Having found the line containing "Mornings begin with" in the records below, copy that line and each later one exactly, dropping pictures.
====== Extracted data
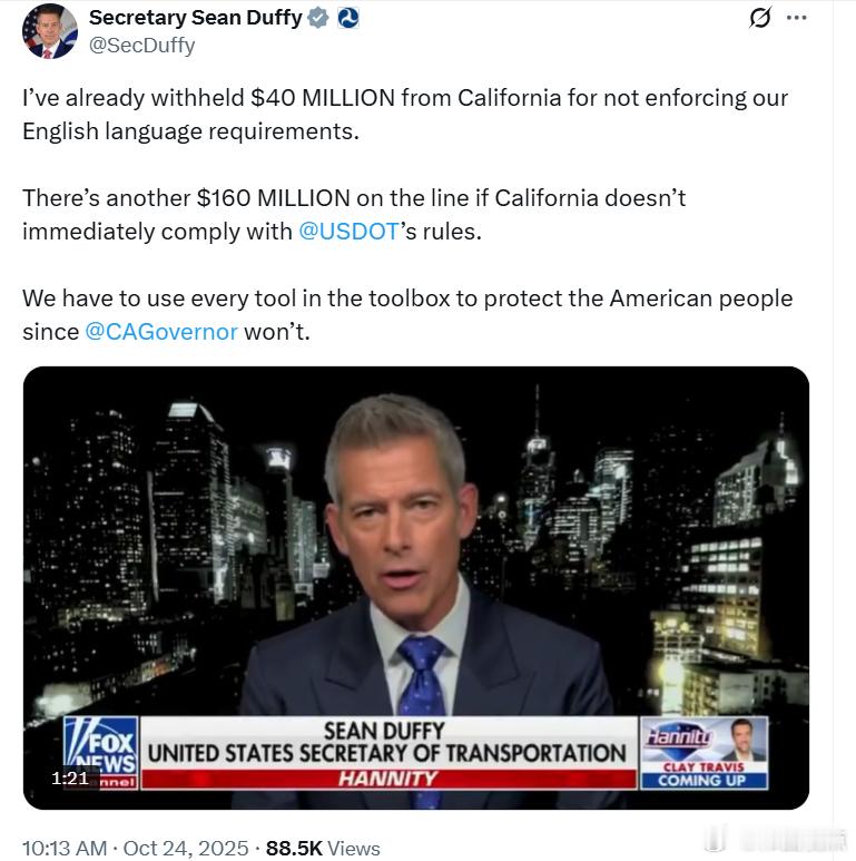 如果加州不立即遵守美国交通部的规定,还有1.6亿美元将被扣留。
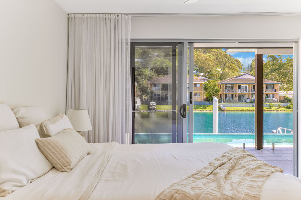 Mornings begin with sunlight spilling across the water. Afternoons flow between a swim in the resort-style pool and launching the boat from your private pontoon or side-access boat ramp - a rare combination in this pocket. Evenings settle into golden sunsets across the river, best enjoyed from the alfresco terrace or the open-plan living room that captures the view like a living piece of art.
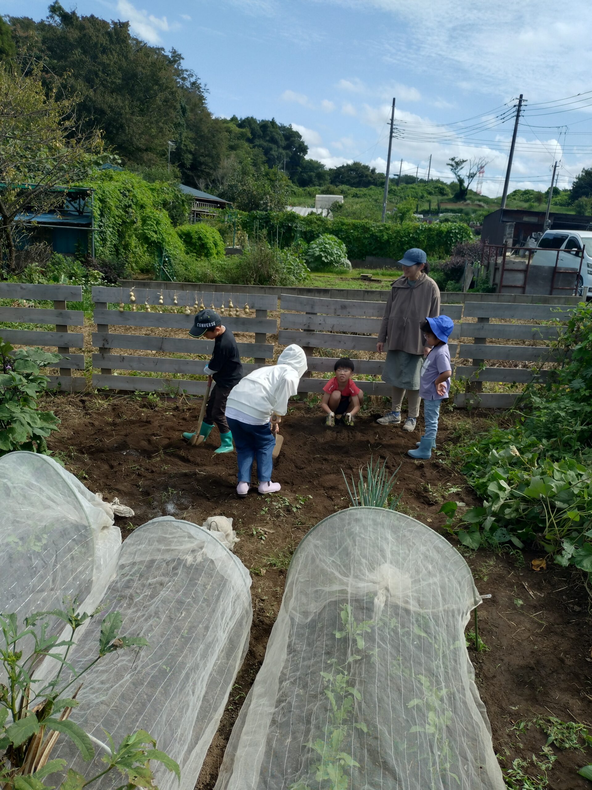 鍬やスコップを使って土を耕すことは最近ではなかなか出来ない体験です。今は耕運機を使い耕します。重い農機具を使って土を耕し土の香りと土の硬さを感じることができたのではないでしょうか。開墾するって大変( ノД`)シクシク…
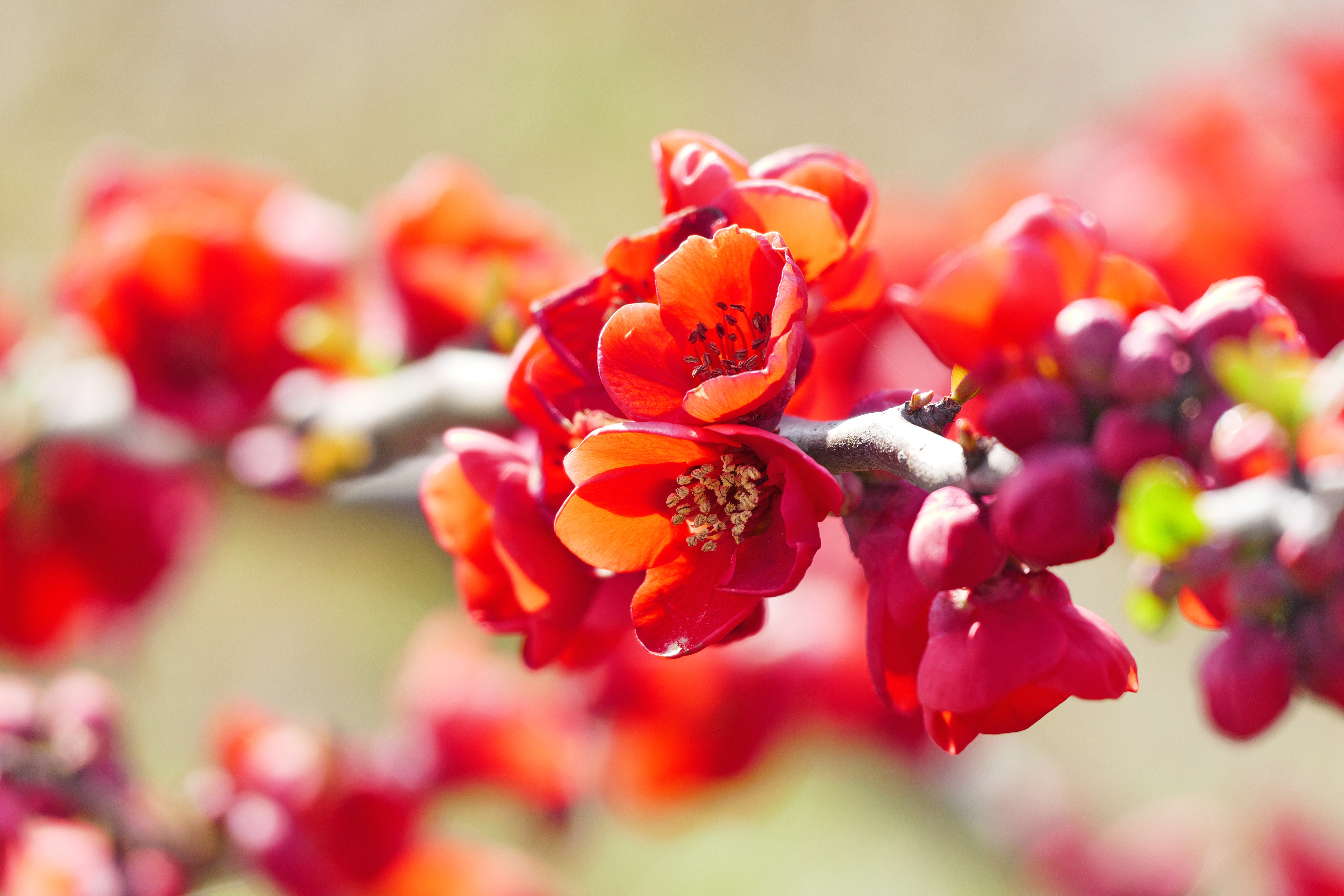 冬の終わりから春にかけて、葉が出る前に鮮やかな紅色の花を咲かせています。
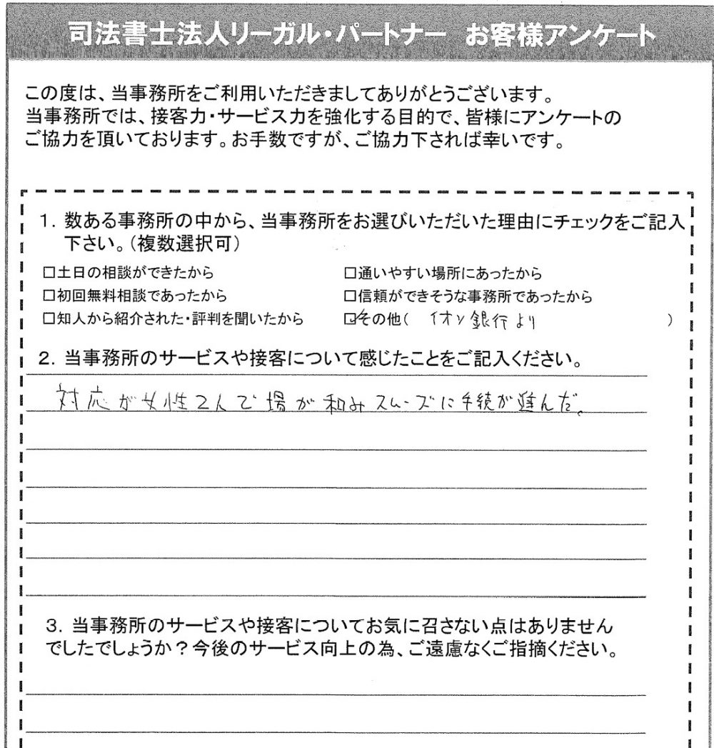 対応が女性2人で、場が和みスムーズに手続が進んだ。
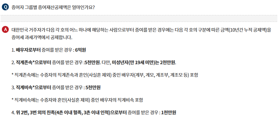 부모 → 성인 자녀(만 19세 이상)의 경우: 10년 단위로 최대 5,000만 원까지 증여세 면제
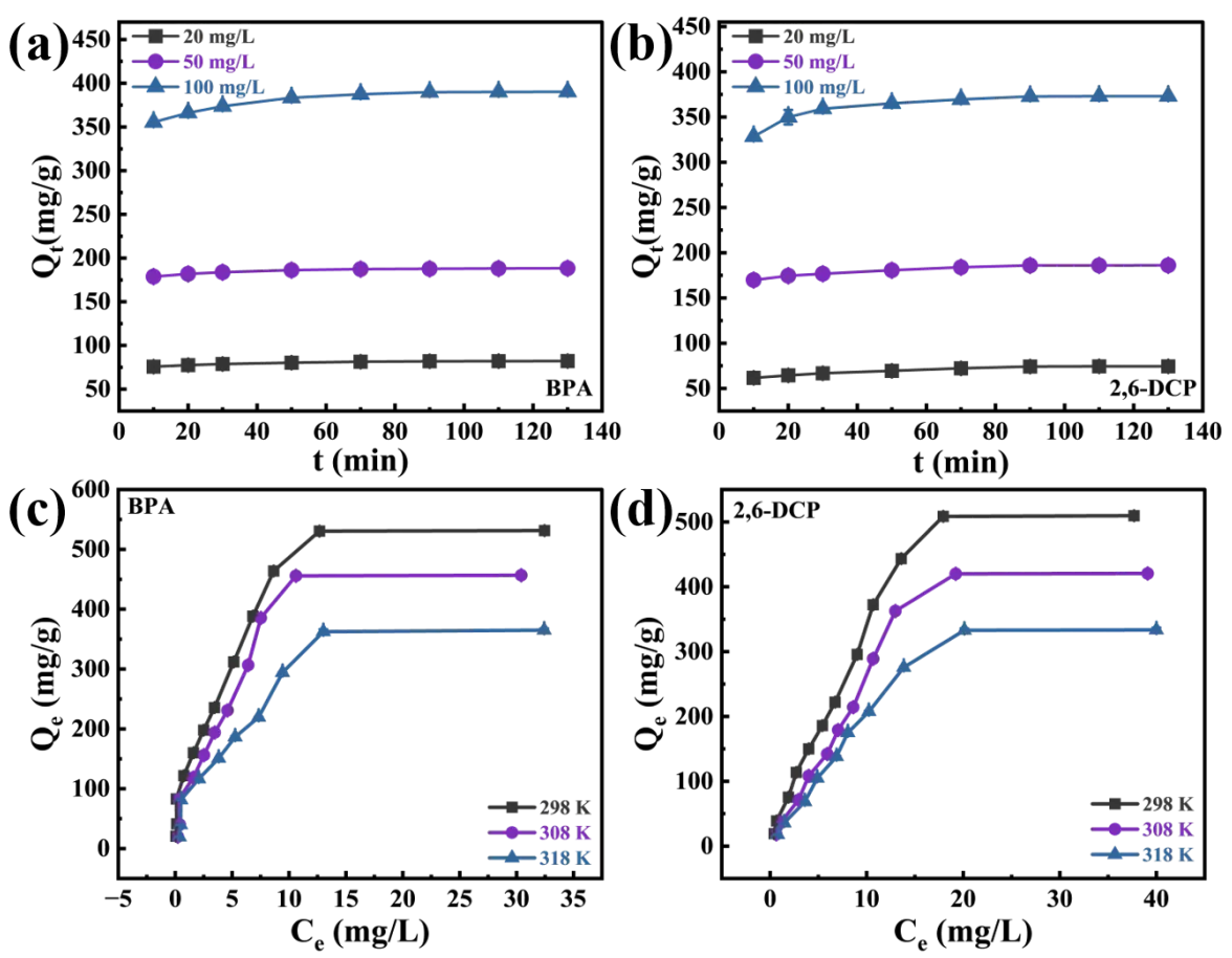 7]. The saturated adsorption capacities obtained by fitting the experimental results of BPA and 2,6-DCP with the Langmuir model are 561.79 mg/g and 531.91 mg/g, respectively.
============
- [Task output]:
 Mornings begin with sunlight spilling across the water. Afternoons flow between a swim in the resort-style pool and launching the boat from your private pontoon or side-access boat ramp - a rare combination in this pocket. Evenings settle into golden sunsets across the river, best enjoyed from the alfresco terrace or the open-plan living room that captures the view like a living piece of art.
 鍬やスコップを使って土を耕すことは最近ではなかなか出来ない体験です。今は耕運機を使い耕します。重い農機具を使って土を耕し土の香りと土の硬さを感じることができたのではないでしょうか。開墾するって大変( ノД`)シクシク…
 冬の終わりから春にかけて、葉が出る前に鮮やかな紅色の花を咲かせています。
 対応が女性2人で、場が和みスムーズに手続が進んだ。
 부모 → 성인 자녀(만 19세 이상)의 경우: 10년 단위로 최대 5,000만 원까지 증여세 면제
 7]. The saturated adsorption capacities obtained by fitting the experimental results of BPA and 2,6-DCP with the Langmuir model are 561.79 mg/g and 531.91 mg/g, respectively.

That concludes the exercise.